Member of the Philippine House of Representatives from Malabon's Lone District
- Incumbent
- Assumed office June 30, 2025
- Preceded by: Josephine Lacson-Noel

Mayor of Malabon
- In office September 3, 2012 – June 30, 2022
- Vice Mayor: Diosdado Cunanan (Acting, 2012–2013); Jeannie Sandoval (2013–2019); Bernard dela Cruz (2019–2022);
- Preceded by: Tito Oreta
- Succeeded by: Jeannie Sandoval

Vice Mayor of Malabon
- In office June 30, 2010 – March 1, 2012
- Mayor: Tito Oreta
- Preceded by: Arnold Vicencio
- Succeeded by: Diosdado Cunanan

Member of the Malabon City Council
- In office June 30, 2007 – June 30, 2010

Personal details
- Born: Antolin Aquino Oreta III September 16, 1971 (age 54)
- Party: NUP (2024–present)
- Other political affiliations: Liberal (2009–2024) NPC (2007–2009) LDP (2006–2007)
- Spouse: Melissa Grace Sison ​(m. 2014)​
- Parent: Tessie Aquino-Oreta (mother);
- Relatives: Aquino family Tito Oreta (uncle)
- Education: Sophia University (BS)
- Occupation: Politician

= Antolin Oreta III =

Filipino politician

Antolin "Lenlen" Aquino Oreta III (born September 16, 1971), is a Filipino politician who has served as a member of the House of Representatives representing the at-large district of Malabon since 2025. He was mayor of Malabon from 2012 to 2022 and Vice Mayor from 2010 up until his succession as mayor. He is the son of former senator Tessie Aquino-Oreta.
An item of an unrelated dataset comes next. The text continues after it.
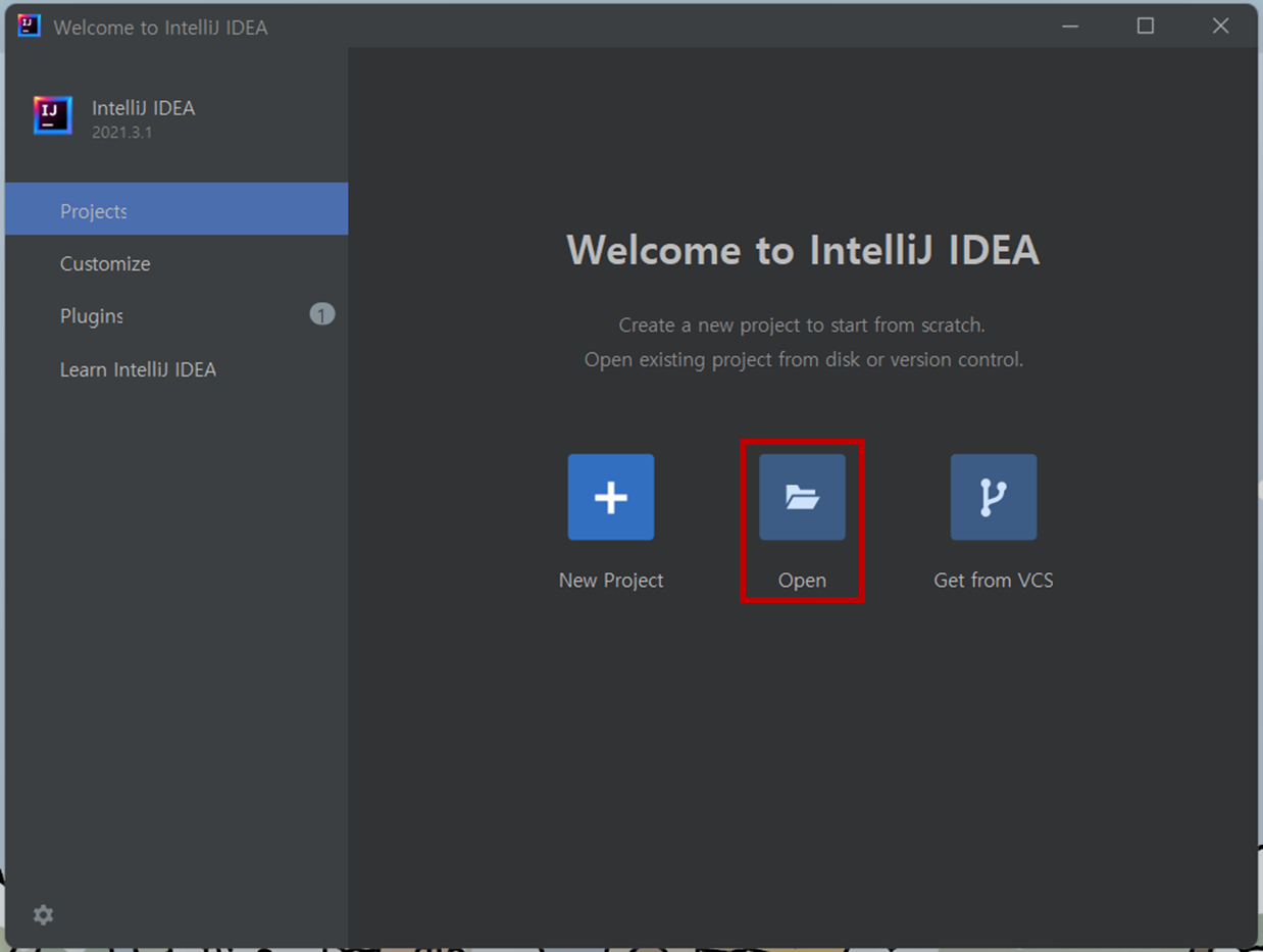 2. IntelliJ를 실행한 뒤 Open 버튼 클릭

==Early life and education==
Oreta was born on September 16, 1971, as the second of the four children of businessman Antolin Oreta Jr. and former senator Tessie Aquino-Oreta. He completed his elementary and secondary education at the Ateneo de Manila University in Manila. He earned a bachelor's science degree in Japanese Studies and Business at Sophia University in Tokyo.

==Professional career==
Before entering politics, Oreta had a minor acting role in the 1989 film Dear Diary. He worked as an Associate for Keppel Securities from 1995 to 1997 and Assistant Vice President Dealer at Merrill Lynch. He also became Dealer and Vice President for Finance at ABN-AMRO Securities and Intra Strata Assurance Corporation consecutively.

==Political career==

Oreta started his political career under the Nationalist People's Coalition when he ran as Councilor of Malabon in 2007.

===Vice Mayor (2010-2012)===
In 2010, he was elected as Vice Mayor of the same city, this time under the Liberal Party,

===Mayor (2012-2022)===
In March 2012, Oreta assumed the position of acting mayor replacing his uncle, the late Canuto Oreta, after the latter died of lung cancer in September 2012, He became Mayor of Malabon. Later, he ran for the mayoralty race for his first official term and won the election unopposed. Oreta then went on to run for his second and third term during 2016 and 2019 elections, competing against then-Congresswoman Jaye Lacson-Noel and then Vice Mayor Jeannie Sandoval in those respective elections.

During his tenure, Oreta implemented various social and local development programs. In 2015, the city government launched initiatives aimed at addressing child malnutrition through community-based nutrition interventions. He also promoted local tourism and economic activity by supporting projects such as organized tricycle tours highlighting Malabon’s narrow streets, heritage sites, and local cuisine. His administration likewise focused on strengthening public health services, education, and social welfare programs, including efforts to reduce poverty and improve healthcare access in the city.

In 2020, Oreta ordered an investigation into alleged anomalies at the City of Malabon University (CMU), including reported irregularities in enrollment records. Subsequent complaints related to university operations were later filed by private individuals. In 2022, a former CMU officer-in-charge stated that the university had complied with documentary requirements related to its status under the Commission on Higher Education’s UniFAST program.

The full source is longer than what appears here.